* **EXERCISE OBJECTIVE**: All lines from the beginning of the listing through the line with "下半场补时9分钟,哈萨征服3-2利雅得胜利。" are to be copied word for word; the pictures are not.

* **DATASET EXCERPT**:
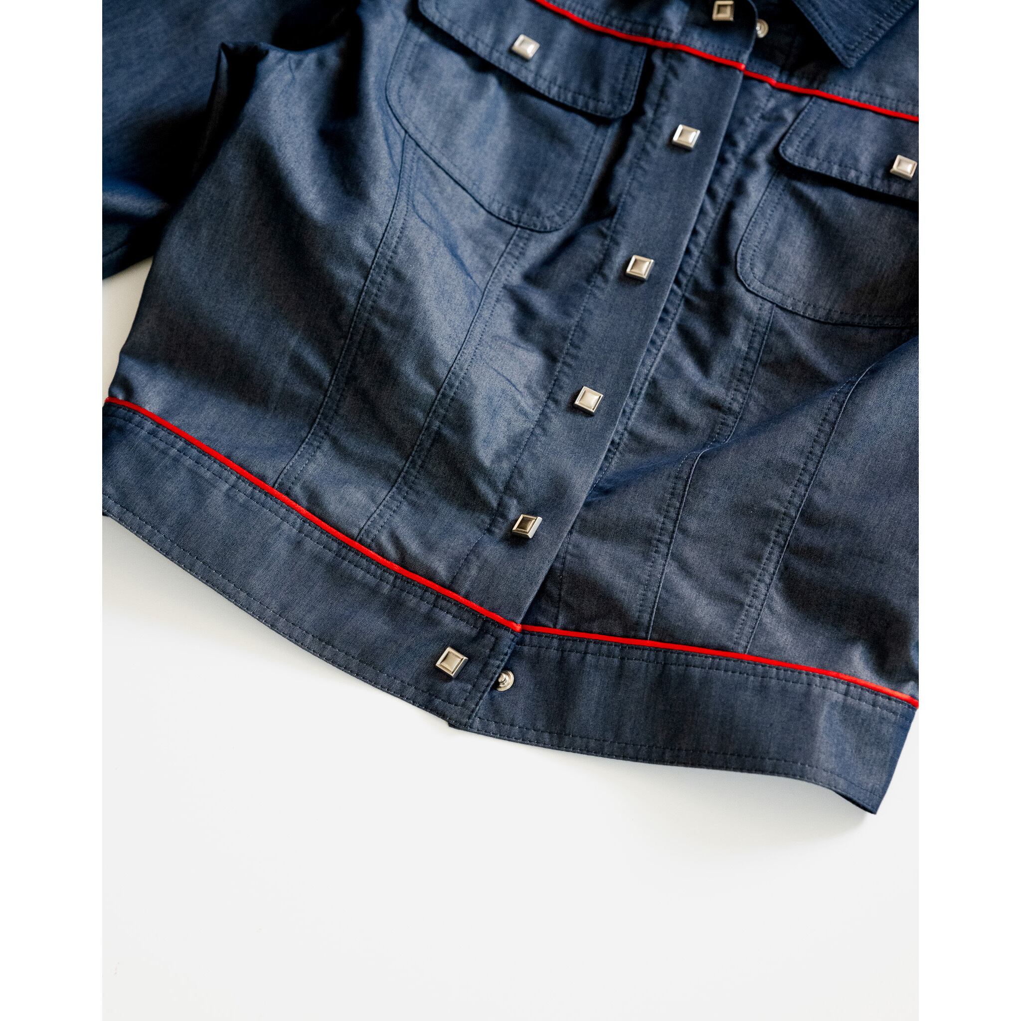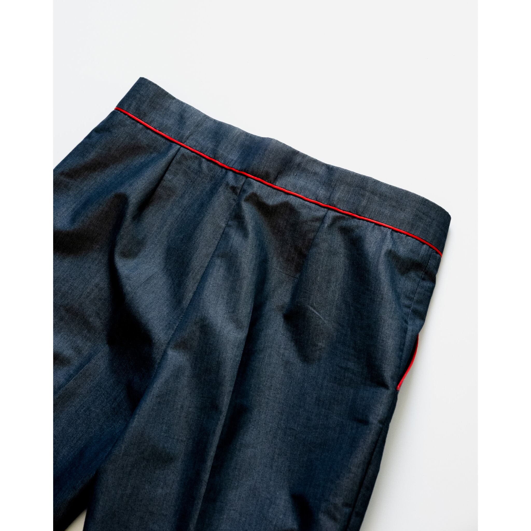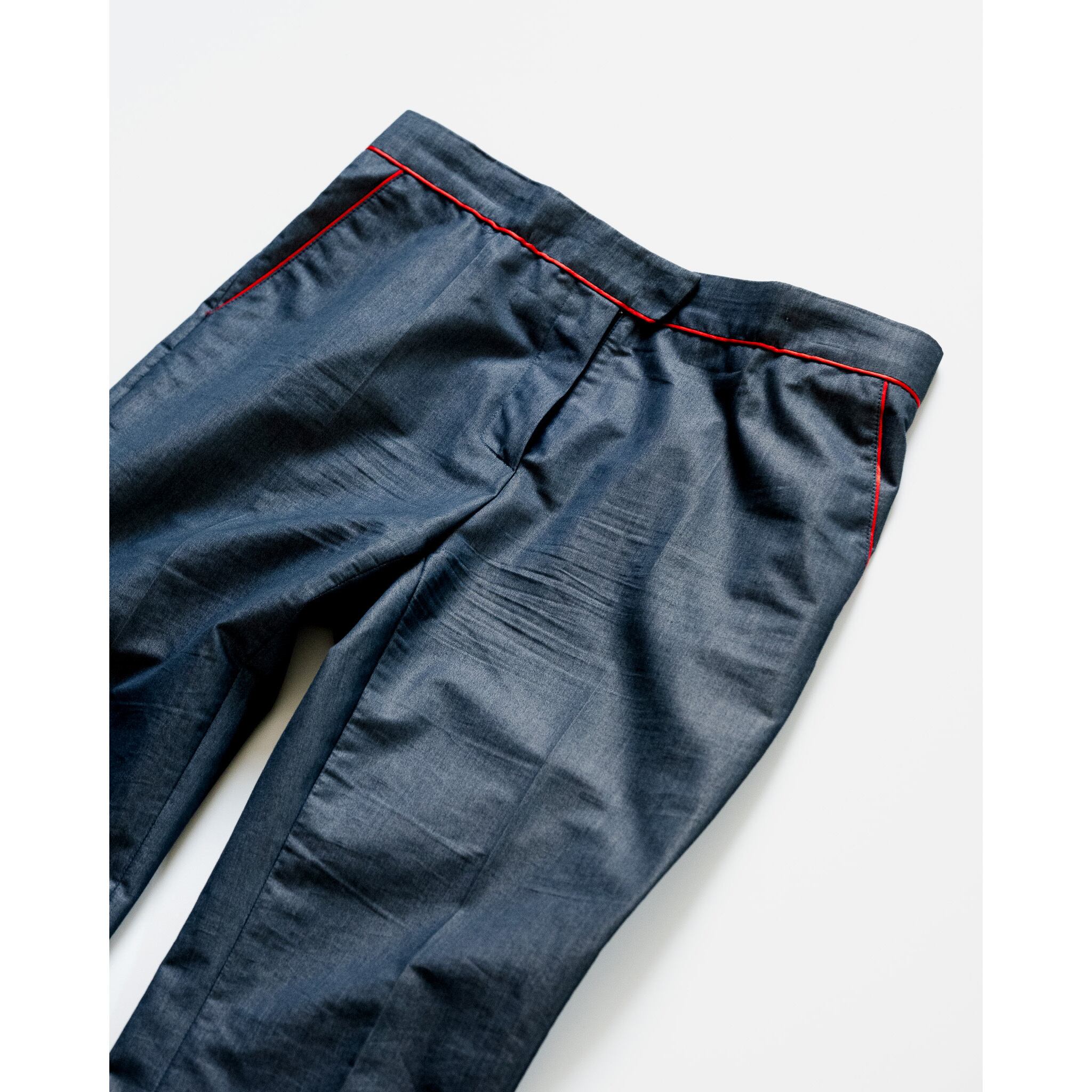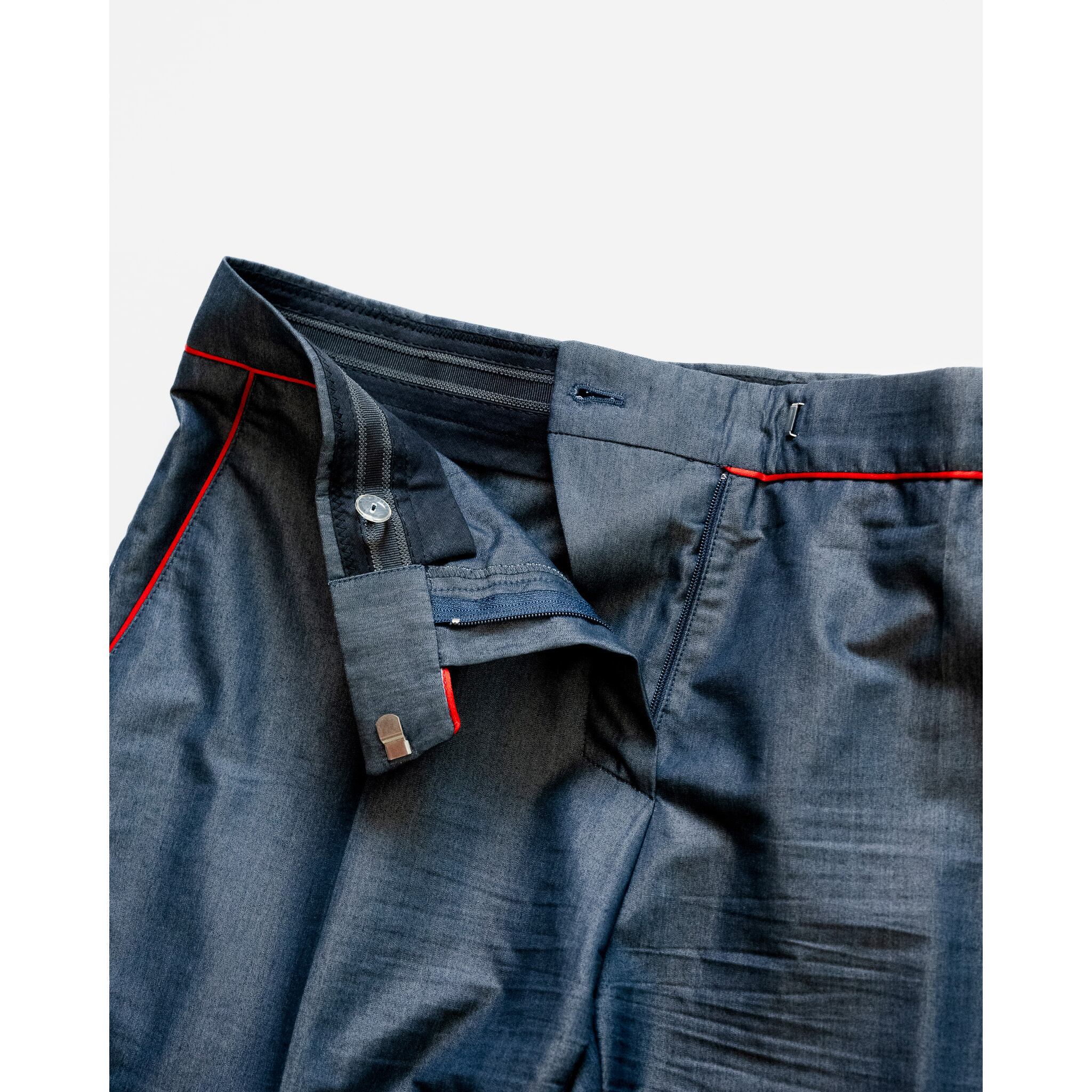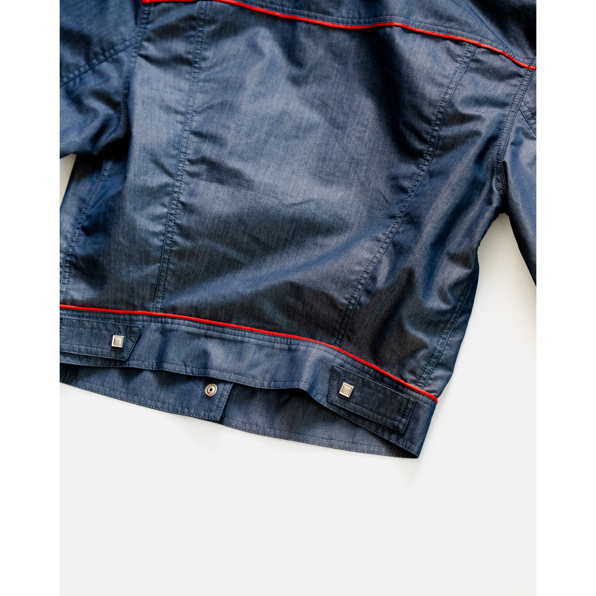 ウエスタンデニム風のデザインが施されていることで、伝統的なアメリカンカジュアルスタイルを思わせつつも、レッドの鋭いラインが現代的、いや近未来的なニュアンスをプラス。
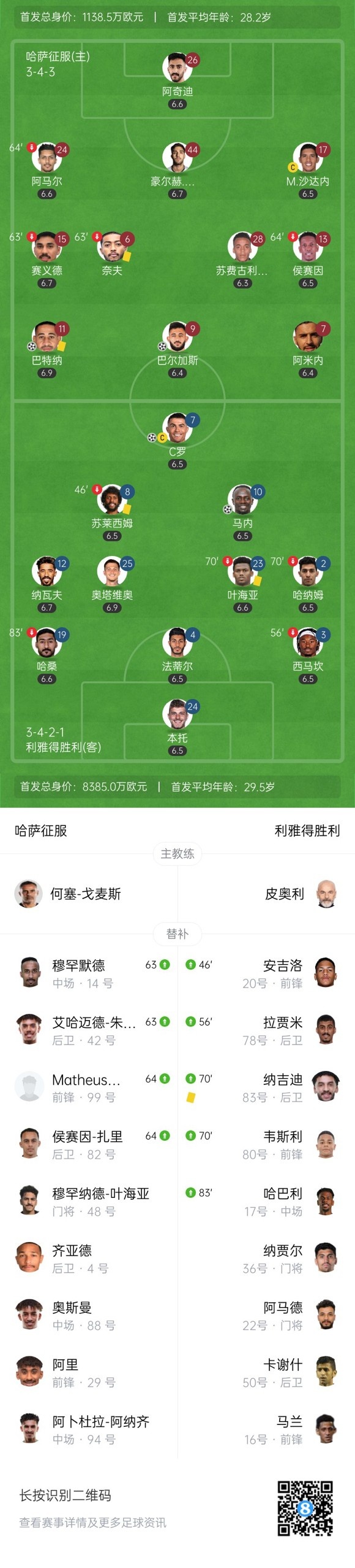 下半场补时9分钟,哈萨征服3-2利雅得胜利。
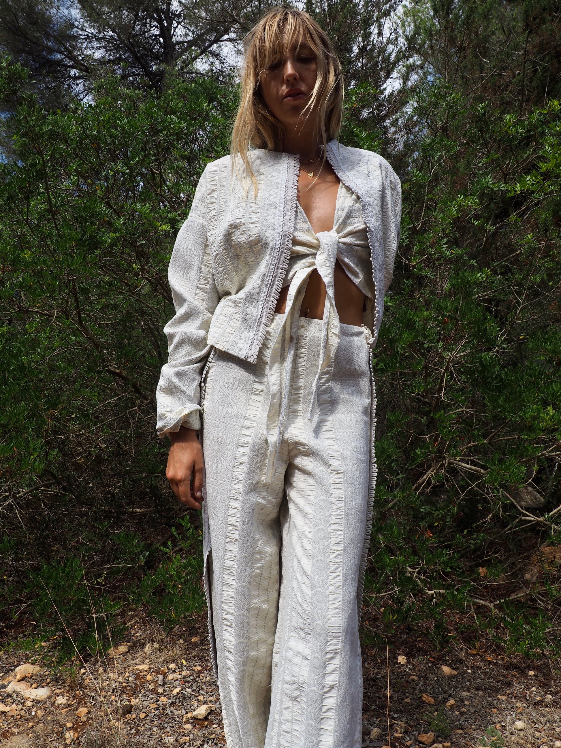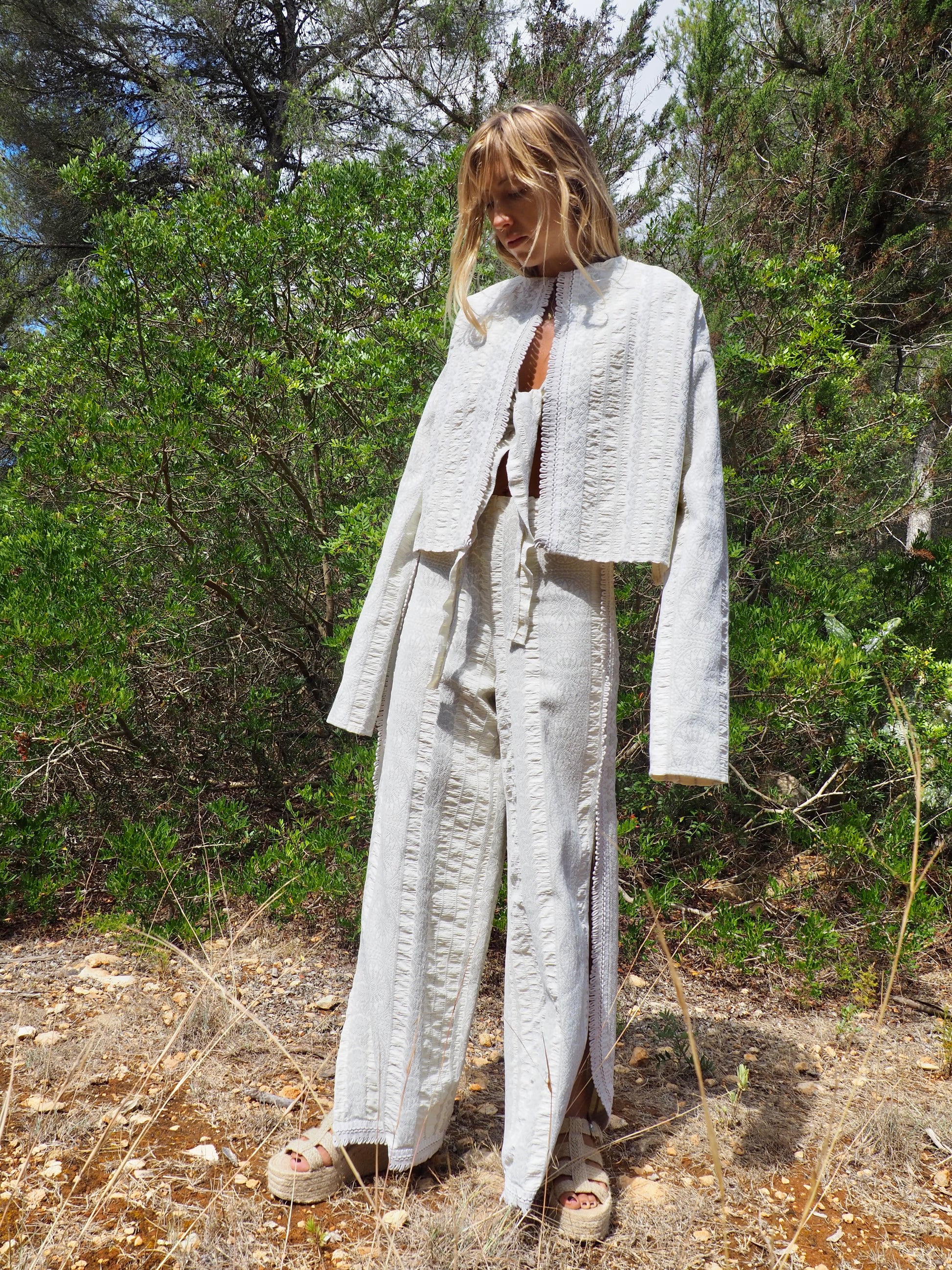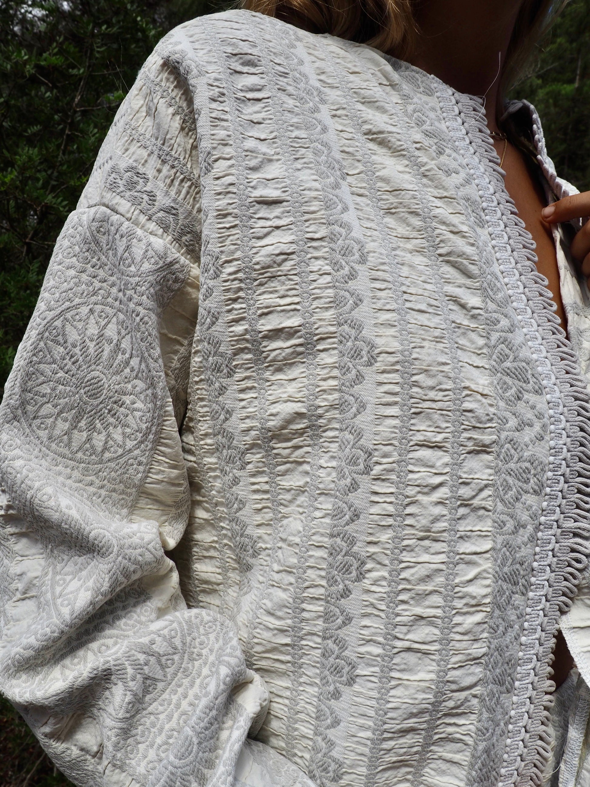 Up-cycled heavy cream and gray cotton woven textile cropped jacket with super cool oversize long sleeves can be worn long as a statement or gatherd/turned up very nice quality a high end woven with details strips of woven patterned floral design made by Vagabond Ibiza in our Atalier from recycled textiles listing is for the jacket only also have matching wide leg pants and reversible crop top available in other listings.

* **ANSWER TO THIS PROBLEM**:
 ウエスタンデニム風のデザインが施されていることで、伝統的なアメリカンカジュアルスタイルを思わせつつも、レッドの鋭いラインが現代的、いや近未来的なニュアンスをプラス。
 下半场补时9分钟,哈萨征服3-2利雅得胜利。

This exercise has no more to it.